Dec 28 2009
Sherlock Holmes has always been a favorite fictional character of mine. He is a deeply flawed character, and that is likely part of his appeal and popularity. But mostly, at his core, he is a profoundly rational character, combining impeccable logic, keen observation and attention to detail, and an astounding fund of knowledge.
I doubt there is a fictional character more famous than Holmes for his towering intellect.
Like any fan, I approach a new imagining of a favorite hero with some trepidation – and that is how I approached the new Sherlock Holmes movie starring Robert Downey Jr. and Jude Law.
There is simply no way for me to discuss this movie without massive spoilers. So do not read on if you have not seen the movie and are planning to. I do recommend the movie – so go see it, and then come back and read the rest of this post.
If you have read this far, then I can assume you have seen the movie or don’t care,
First, let me say I was pleasantly surprised by the film. The previews made Holmes seem more like an action hero, but that was not the case. Holmes was more brawny than previous incarnations, but except for occasional fisticuffs, Downey’s Holmes was as effete, proper, and pompous as ever. But more importantly, he remained every bit the intellectual the character should be.
I liked the way Watson was portrayed. He was less Holmes lap dog and more his equal, every bit as sharp as Holmes. And it was obvious that Holmes really cared for him. The one small downside to this, however, is that Watson was less in his role of needing everything explained to him. So there was less running commentary on Holmes musings about the case.
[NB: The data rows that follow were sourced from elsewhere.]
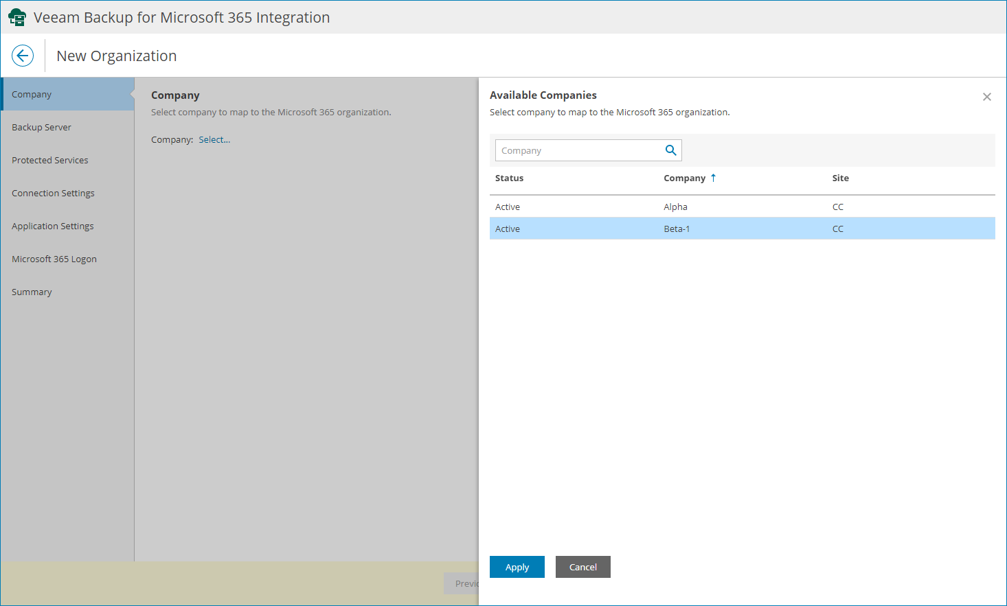 - At the Company step of the wizard, select company to which you want to map the organization.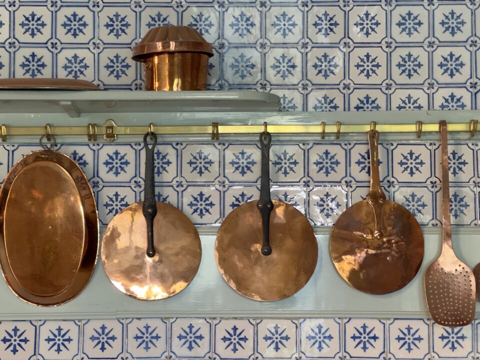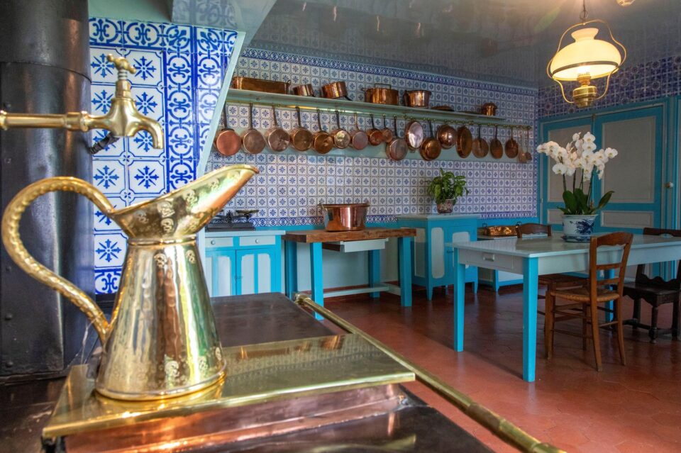 În bucătărie, răceala albastrului contrastează cu strălucirea caldă a colecției extinse de obiecte de cupru. O sobă enormă cu cărbune și lemne menținea bucătăria foarte caldă tot timpul anului. Bucătăria – cu plăcile sale albastre din Rouen, aragazul imens cu plite multiple și ustensilele de cupru – pare să aștepte încremenită întoarcerea proprietarilor.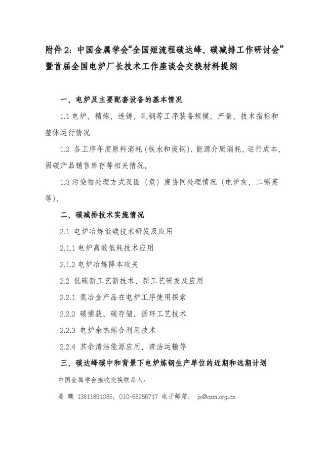 擬參會的單位,回執必須加蓋公章,必須提交交換資料,並於7月25日前返回交換資料至中國金屬學會接收材料聯係人:薑 曦 13811891085 ; 交換材料提綱見附件2. 中國金屬學會“全國短流程碳達峰、碳減排工作研討會”暨首屆全國電爐廠長技術工作座談會交換材料提綱。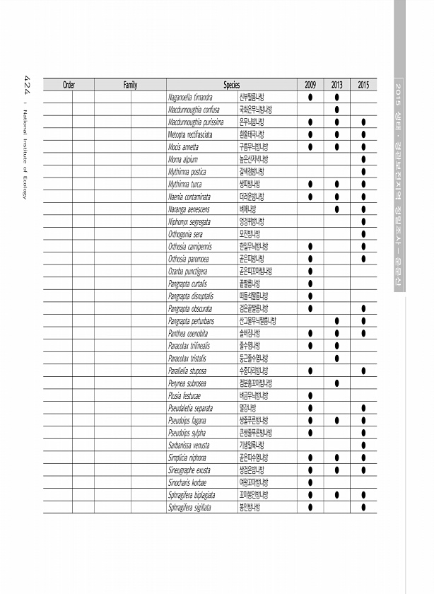 424 Order Family Species 2009 2013 2015 Naganoella timandra 신부짤름나방 ● ● Macdunnoughia confusa 국화은무늬밤나방 ● Macdunnoughia purissima 은무늬밤나방 ● ● ● Metopta rectifasciata 흰줄태극나방 ● ● ● Mocis annetta 구름무늬밤나방 ● ● ● Moma alpium 높은산저녁나방 ● Mythimna postica 갈색점밤나방 ● Mythimna turca 쌍띠밤나방 ● ● ● Naenia contaminata 더러운밤나방 ● ● ● Naranga aenescens 벼애나방 ● ● Niphonyx segregata 엉겅퀴밤나방 ● Orthogonia sera 모진밤나방 ● Orthosia c...
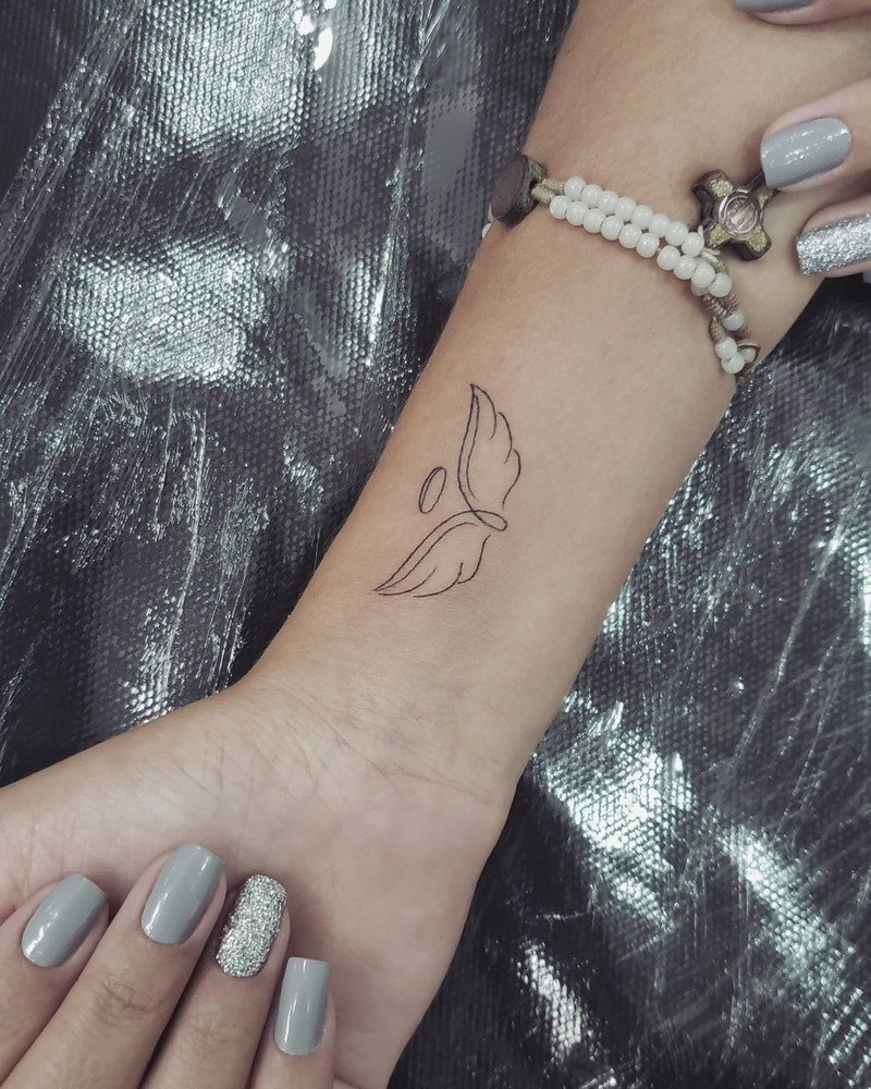 This delicate tattoo design is perfect for those seeking more than just a heart. It can be inked alone or accompanied by a line extending from the heart’s endpoint. At a slight distance, the line breaks, leaving a small gap. This design exudes a really cool and stylish vibe.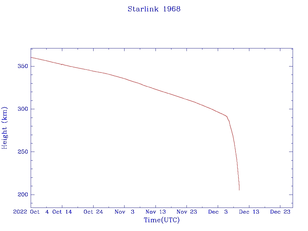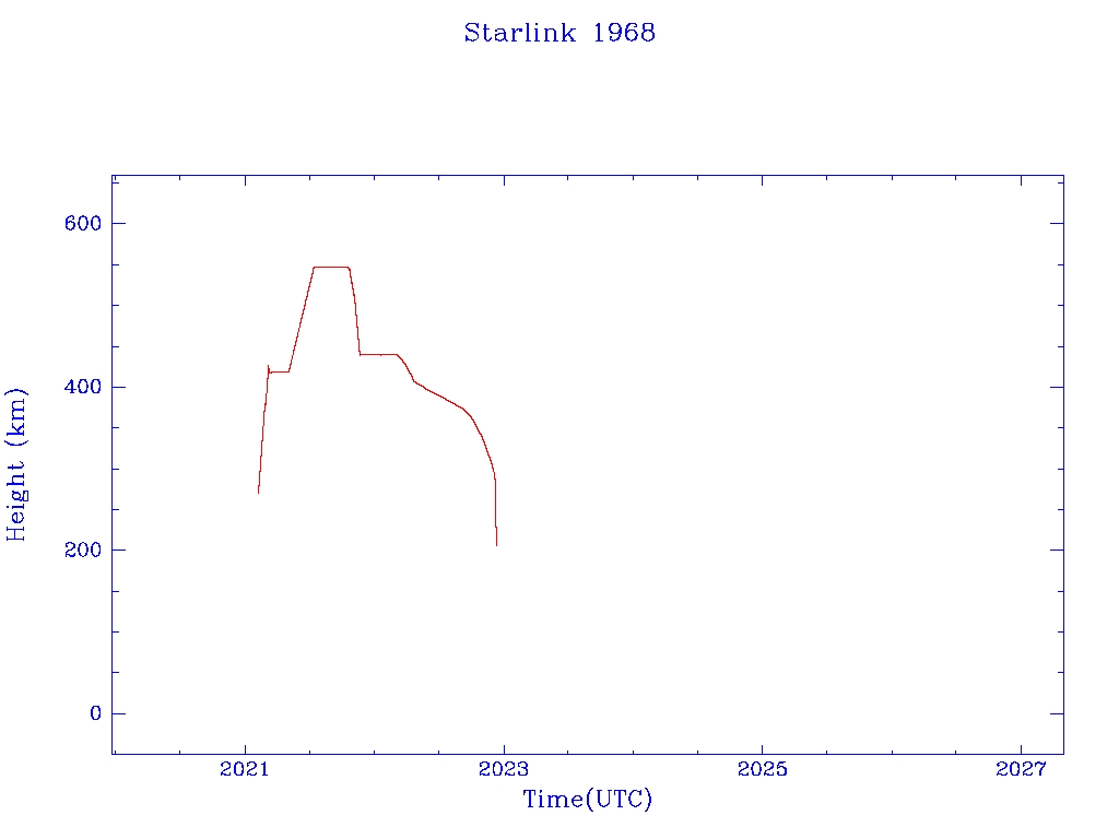 | Starlink 1968 | S47569 | M | 2021 Feb 4 | 2022 Mar 8? | 2022 Dec 10 |  |  |  |
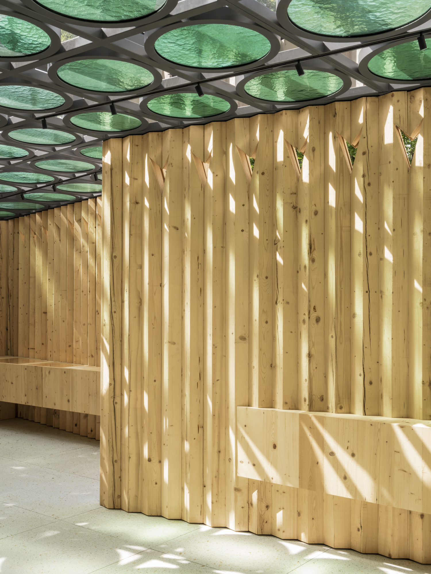 The fully transparent roof provides shelter while allowing natural light to permeate the interior. Beneath it, a composition of cast glass discs in soft, graduated shades of green and lagoon tones evokes the maritime landscape and was created in collaboration with a local artisan.
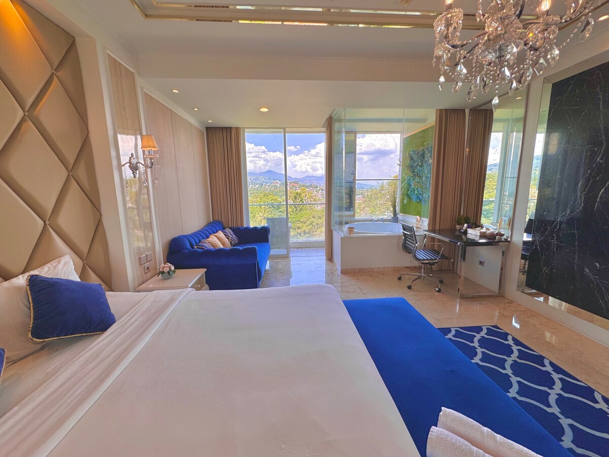 🌟 Diamond Deluxe Jacuzzi Suite Art Deco 🌟 Our suite is located on Level 8 of Art Deco Luxury Hotel & Residence, featuring modern décor and a classic style that offers the ultimate luxury experience. This suite offers a stylish living room and a private balcony jacuzzi with spectacular Bandung views. The location is close to Dago and Bandung’s top tourist destinations. Perfect for couples, solo travelers and small groups. Check our Profile for 1–4 BR units and lux villas across Bandung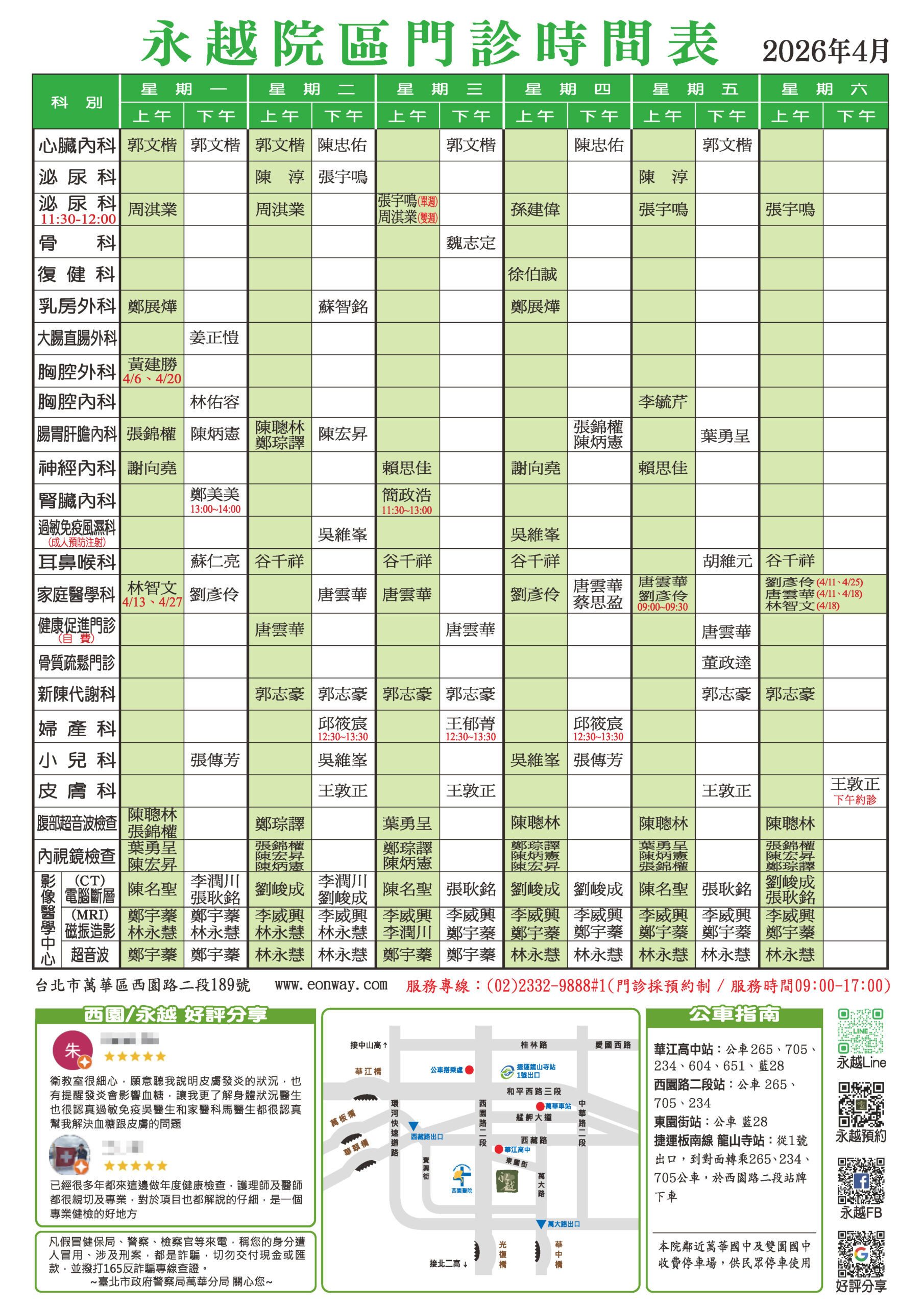 3月門診表下載 4月門診表下載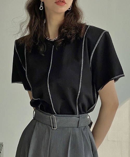 2022 Spring&Summer item『アウトステッチデザインがさりげないアクセントに』〇Design〈BLACL・LIGHTGRAYの2色展開〉・縫い目が表側に出たデザインがポイントのアウトステッチTシャツ。・シンプルなボディに、立体感のあるアウトステッチラインはこなれ感のある印象に。・ベーシックなカラー展開でデイリーに着回し。・カジュアルはもちろん、モードなキレイめスタイルにもぴったり!・オーバーすぎず、タイトすぎずの絶妙なシルエットで、幅広いアイテムと合わせやすいです◎・シンプルながらもさりげないデザインがお洒落な1枚となっています。〇Styling合わせるボトムを選ばず着られるので、デニムやスキニー、ワイドパンツでカジュアルに合わせたり。スラックスやフレアパンツ×パンプスでキレイめスタイルとも相性抜群。ハーフパンツ×ローファー合わせでトレンドライクな大人カジュアルに仕上がります。スカートスタイルとも合わせやすく、タイトスカートやマーメイドスカートで女性らしく合わせたり、プリーツパンツで上品さをプラスしたスタイルも◎シンプルなTシャツはオールインワンやキャミワンピースのインナーとしてレイヤードでも活躍!春夏の肌寒い時期はシアートップスやメッシュトップスを中に着て重ね着を楽しむのもおすすめです。韓国ファッションが好きな方は是非。こちらの商品はセレクト・インポートアイテムのためサイズ感が日本規格のものとは異なります。お買い上げの際にはサイズチャートでご確認頂きますようお願いいたします。【お買い物をよりお楽しみいただくために】●商品のお気に入り登録(ハートマークをクリック)完売カラーの再入荷や、ラスト1点のお知らせ、セール情報などの通知を受け取ることができます。●ブランドのお気に入り登録新商品や再入荷など、お得な情報をいち早く受け取ることができます。●最短で翌日お届け商品をカートに入れた後、注文内容の確認ページで「即日配送」を選択していただければ、最短でご注文した翌日にお届け致します。是非ご利用頂き、お買い物をお楽しみください。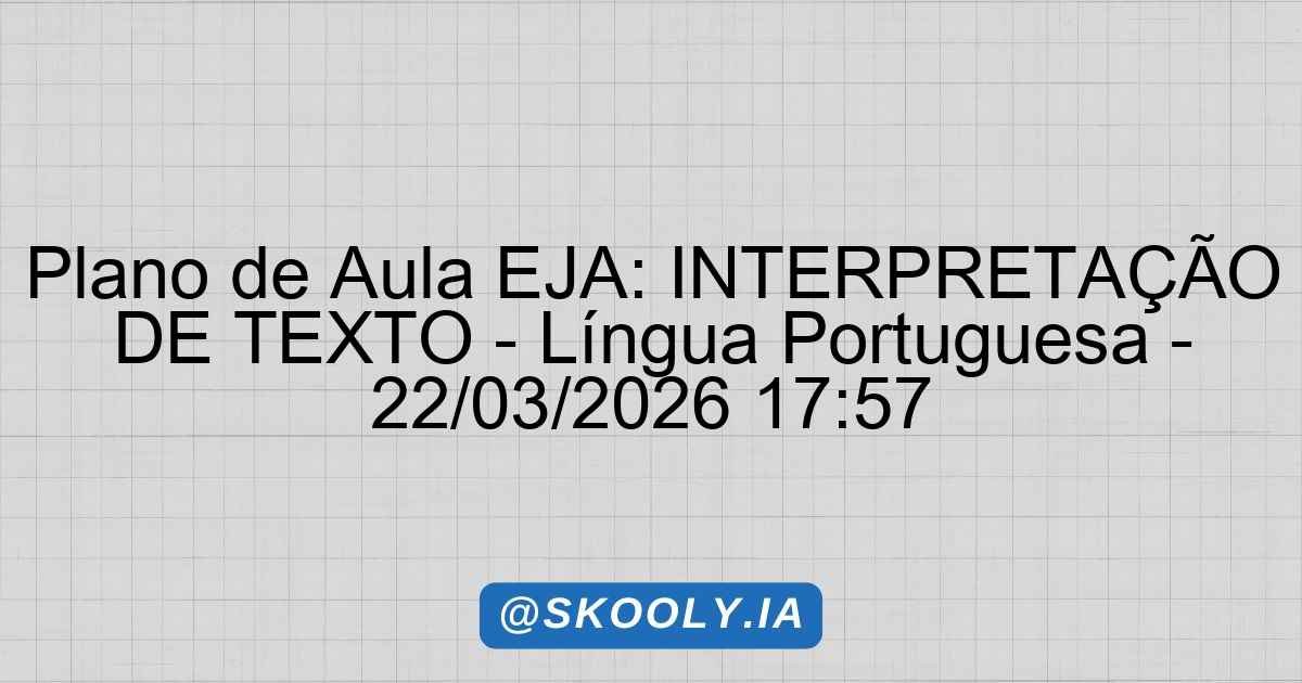 Plano de Aula EJA: INTERPRETAÇÃO DE TEXTO – Língua Portuguesa – 22/03/2026 17:57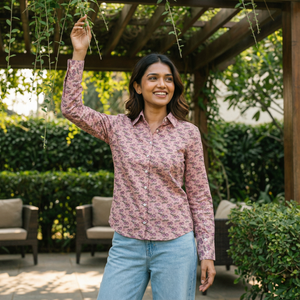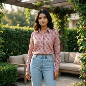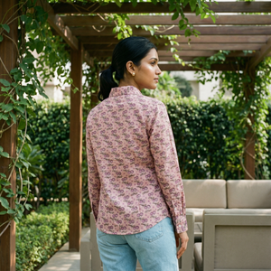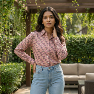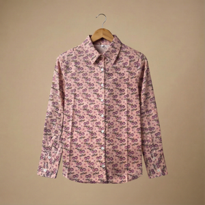 Women's shirt 22- Floral printed organic cotton shirt in pink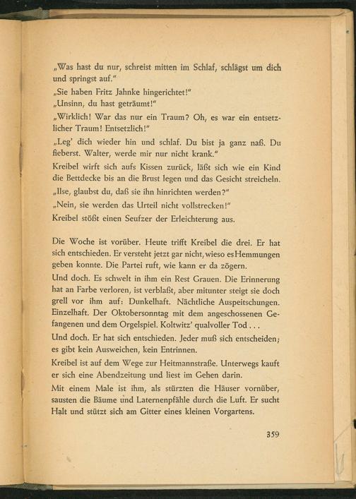Und doch. Es schwelt in ihm ein Rest Grauen. Die Erinnerung hat an Farbe verloren, ist verblaßt, aber mitunter steigt sie doch grell vor ihm auf: Dunkelhaft. Nächtliche Auspeitschungen. Einzelhaft. Der Oktobersonntag mit dem angeschossenen Gefangenen und dem Orgelspiel. Koltwitz' qualvoller Tod... Und doch. Er hat sich entschieden. Jeder muß sich entscheiden; es gibt kein Ausweichen, kein Entrinnen.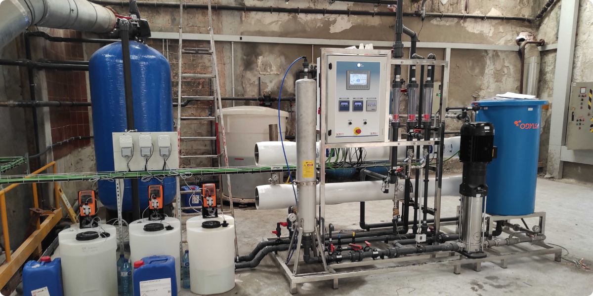 4. Montaje de un sistema de Ósmosis Inversa con una producción de permeado de 3,5 m3/h, más el tratamiento químico necesario (reductor de pH, antiincrustante y biocida)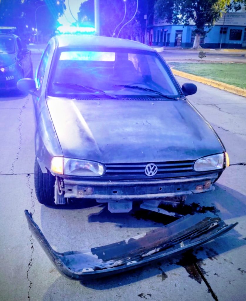 El hecho ocurrió a las 6:20. Según fuentes oficiales, un automóvil que se desplazaba por avenida San Martín en sentido sur-norte colisionó de frente contra la rotonda. Debido a la inercia del impacto, el rodado avanzó varios metros sobre la estructura antes de detener su marcha.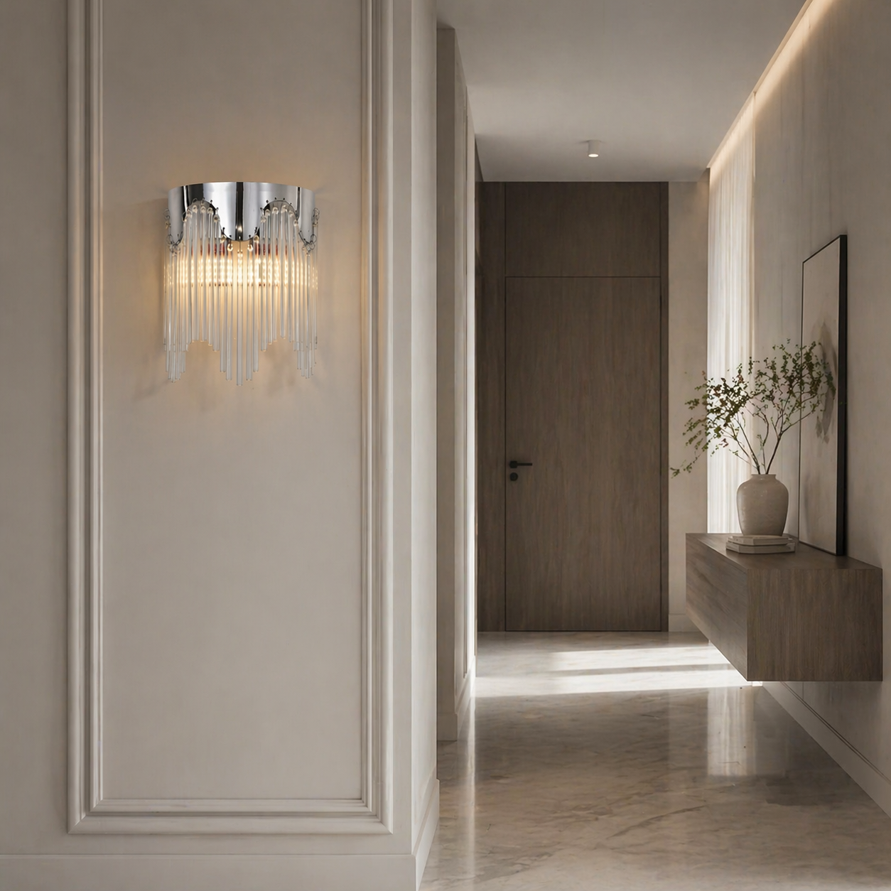 Aplica Cascade Silver aduce un plus de eleganta si functionalitate oricarui spatiu interior, fiind ideala pentru dormitor, hol sau living. Proiectata pentru a oferi o iluminare eficienta si un design modern, aceasta aplica transforma atmosfera camerei prin lumina sa calda si placuta.

This was a factor in my only minor complaint about the movie – the clues were not sufficiently accessible to the audience. Holmes figures things out by applying his rarefied knowledge, which is fine and is certainly part of the character – but there also should be a balance of those clues that can be reasoned out even without knowing ahead of time that a paralytic poison can be made from dehydrated rhododendron.
Perhaps this difference results from the medium – cinema vs book – but I don’t think that entirely explains it. My concern is that it makes scientific knowledge seem inaccessible – almost magical.
I have this quibble, however, because otherwise the movie was awesome and true to the rational icon of Sherlock Holmes. Throughout the movie the villain attempts to take control by using trickery to duplicate paranormal powers. He attempts to use fear and superstition to panic the masses. He even makes an all-out effort to get Holmes to abandon his strict adherence to rationality and “broaden his view” to accept the apparently paranormal happenings around him.
While watching the film I was concerned that the writers had thrust Holmes into a paranormal universe. That would have been a disaster, and I would be writing a very different review if that were the case. But in the end we are rewarded – Holmes did not waver from reason for a moment. And in the end reason wins the day.
And that, of course, is my favorite thing about the character of Sherlock Holmes. He is a celebration of reason, rationality, science, and knowledge in general. I have read that Arthur Conan Doyle (who himself believed in fairies and spiritualism) meant for Holmes to be a caricature of the hyper-rational snob. But Holmes took on a life of his own – it seems the public liked Holmes and his superstar intellect more than Doyle.
Recently we have seen a resurgence of the Holmes archetype in fiction. House is a carbon copy of Holmes, down to his narcotic addiction. The Mentalist, The Eleventh Hour, CSI, and Bones all have characters that channel the great detective.
And now Holmes is brought back to the big screen, with an obvious setup for sequels. I hope we are seeing a cultural backlash against the burgeoning irrationality of the last couple of decades. Let the pendulum swing.